ACTIVITY:
Every line from the one containing "To connect a" through the end of the listing below goes in the output, exactly and without pictures.

SUPPLIED MATERIAL:
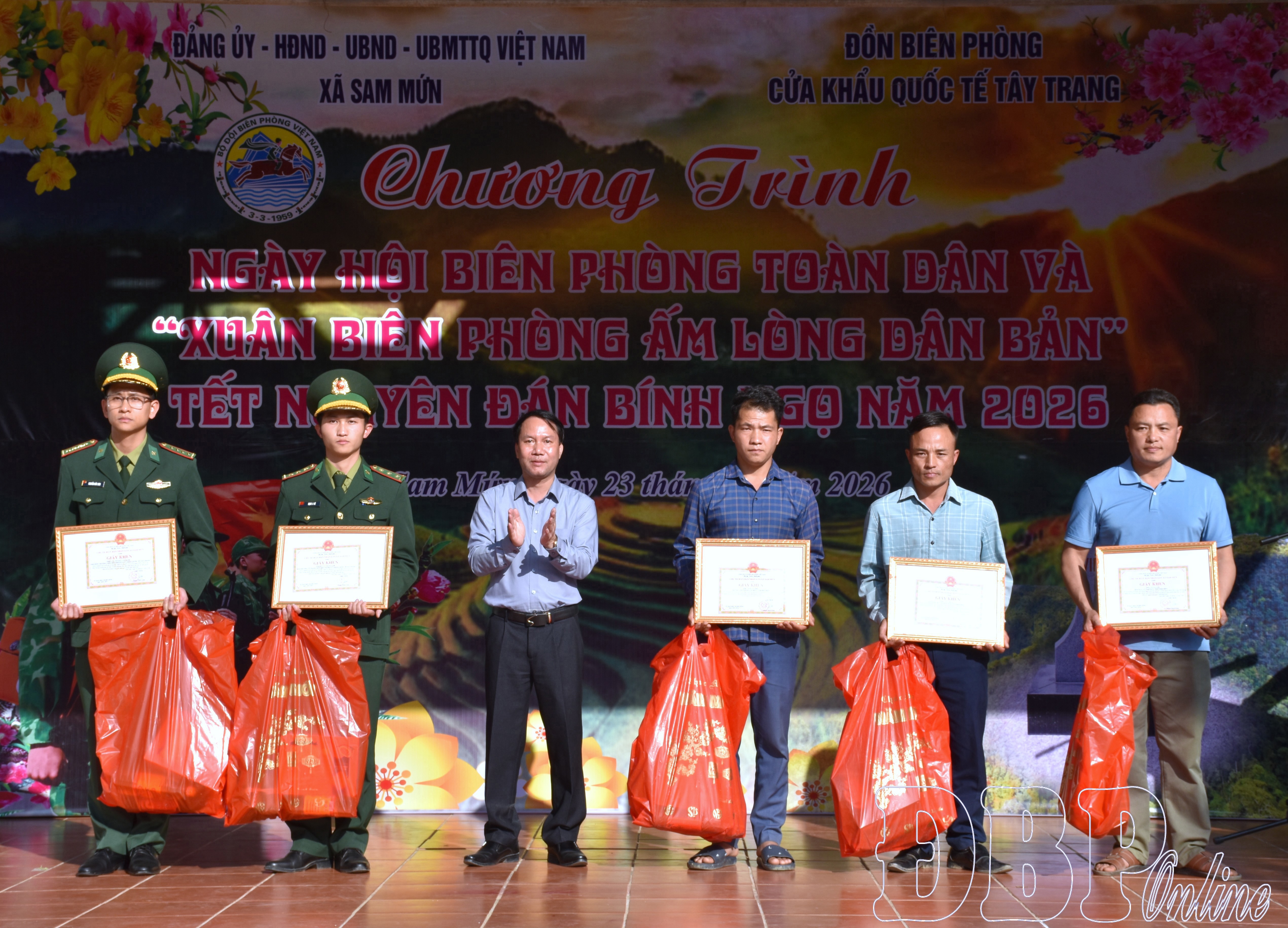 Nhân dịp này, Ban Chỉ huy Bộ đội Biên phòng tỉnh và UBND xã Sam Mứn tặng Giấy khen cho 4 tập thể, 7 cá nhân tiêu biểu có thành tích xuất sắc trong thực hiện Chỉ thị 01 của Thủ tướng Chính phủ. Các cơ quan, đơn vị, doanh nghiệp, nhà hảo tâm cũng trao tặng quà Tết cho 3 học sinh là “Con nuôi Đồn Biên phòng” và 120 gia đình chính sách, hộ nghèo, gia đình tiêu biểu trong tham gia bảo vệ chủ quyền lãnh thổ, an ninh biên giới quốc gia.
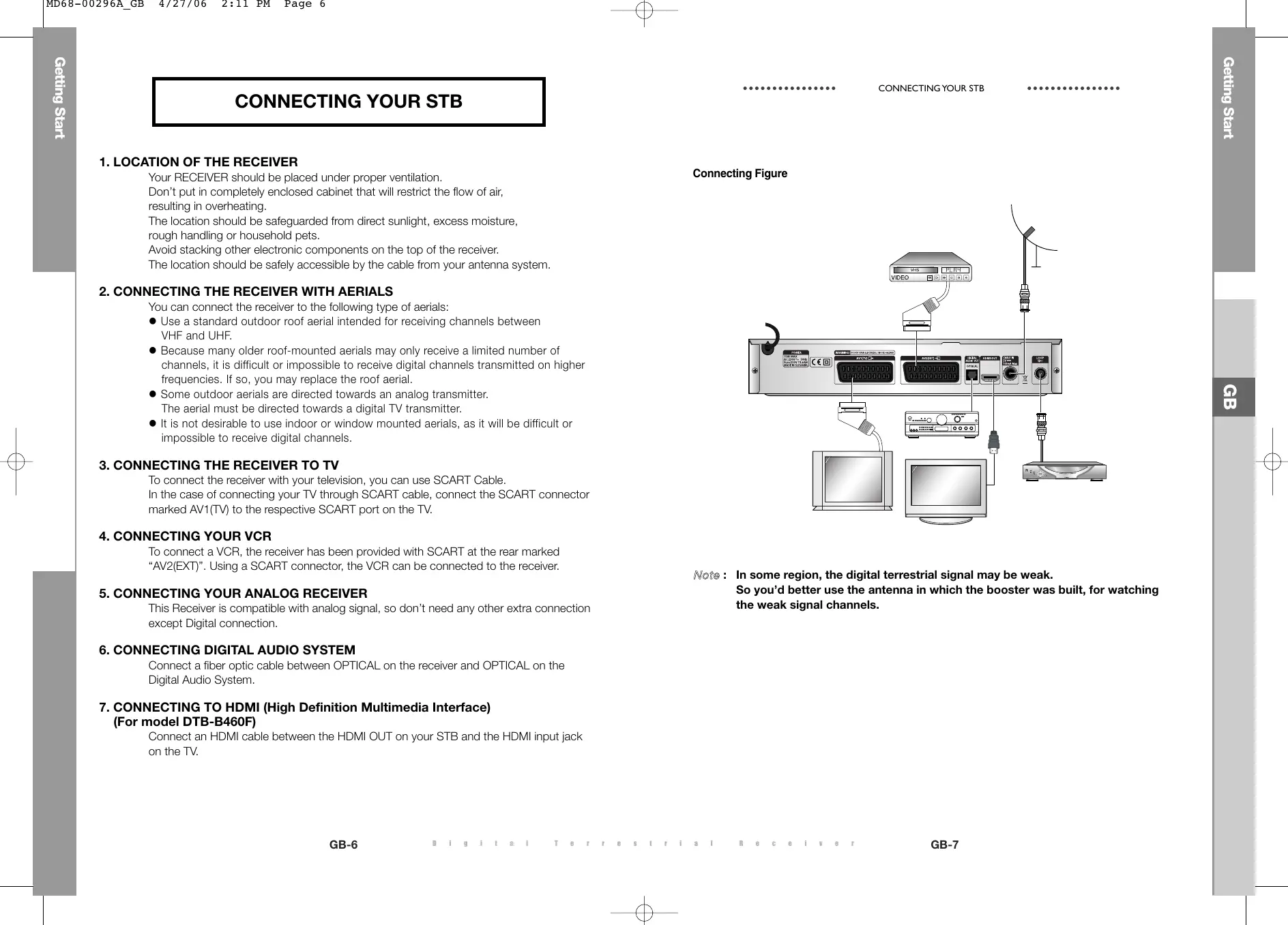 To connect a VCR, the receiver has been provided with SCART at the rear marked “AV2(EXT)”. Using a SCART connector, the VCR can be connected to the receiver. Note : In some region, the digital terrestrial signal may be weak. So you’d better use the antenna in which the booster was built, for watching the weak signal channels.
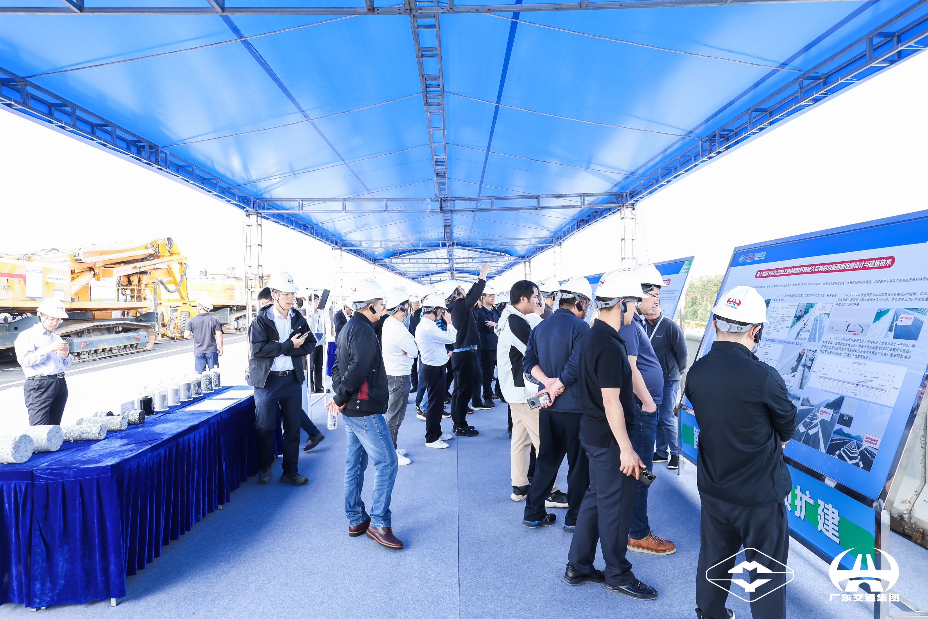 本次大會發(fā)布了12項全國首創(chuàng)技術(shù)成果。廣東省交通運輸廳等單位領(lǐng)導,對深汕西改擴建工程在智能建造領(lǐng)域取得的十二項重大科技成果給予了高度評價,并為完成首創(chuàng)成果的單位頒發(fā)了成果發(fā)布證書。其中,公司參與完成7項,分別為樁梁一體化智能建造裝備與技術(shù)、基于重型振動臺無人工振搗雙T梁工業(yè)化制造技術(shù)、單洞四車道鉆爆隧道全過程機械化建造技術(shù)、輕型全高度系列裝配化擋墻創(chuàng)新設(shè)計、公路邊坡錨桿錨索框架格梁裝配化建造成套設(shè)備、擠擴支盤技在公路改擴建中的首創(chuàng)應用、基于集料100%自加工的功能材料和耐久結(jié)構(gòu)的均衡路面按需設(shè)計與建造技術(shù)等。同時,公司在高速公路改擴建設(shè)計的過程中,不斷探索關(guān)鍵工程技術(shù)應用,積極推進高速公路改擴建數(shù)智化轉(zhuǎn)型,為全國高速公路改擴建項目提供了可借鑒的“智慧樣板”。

RESPONSE TO THIS TASK:
 To connect a VCR, the receiver has been provided with SCART at the rear marked “AV2(EXT)”. Using a SCART connector, the VCR can be connected to the receiver. Note : In some region, the digital terrestrial signal may be weak. So you’d better use the antenna in which the booster was built, for watching the weak signal channels.
 本次大會發(fā)布了12項全國首創(chuàng)技術(shù)成果。廣東省交通運輸廳等單位領(lǐng)導,對深汕西改擴建工程在智能建造領(lǐng)域取得的十二項重大科技成果給予了高度評價,并為完成首創(chuàng)成果的單位頒發(fā)了成果發(fā)布證書。其中,公司參與完成7項,分別為樁梁一體化智能建造裝備與技術(shù)、基于重型振動臺無人工振搗雙T梁工業(yè)化制造技術(shù)、單洞四車道鉆爆隧道全過程機械化建造技術(shù)、輕型全高度系列裝配化擋墻創(chuàng)新設(shè)計、公路邊坡錨桿錨索框架格梁裝配化建造成套設(shè)備、擠擴支盤技在公路改擴建中的首創(chuàng)應用、基于集料100%自加工的功能材料和耐久結(jié)構(gòu)的均衡路面按需設(shè)計與建造技術(shù)等。同時,公司在高速公路改擴建設(shè)計的過程中,不斷探索關(guān)鍵工程技術(shù)應用,積極推進高速公路改擴建數(shù)智化轉(zhuǎn)型,為全國高速公路改擴建項目提供了可借鑒的“智慧樣板”。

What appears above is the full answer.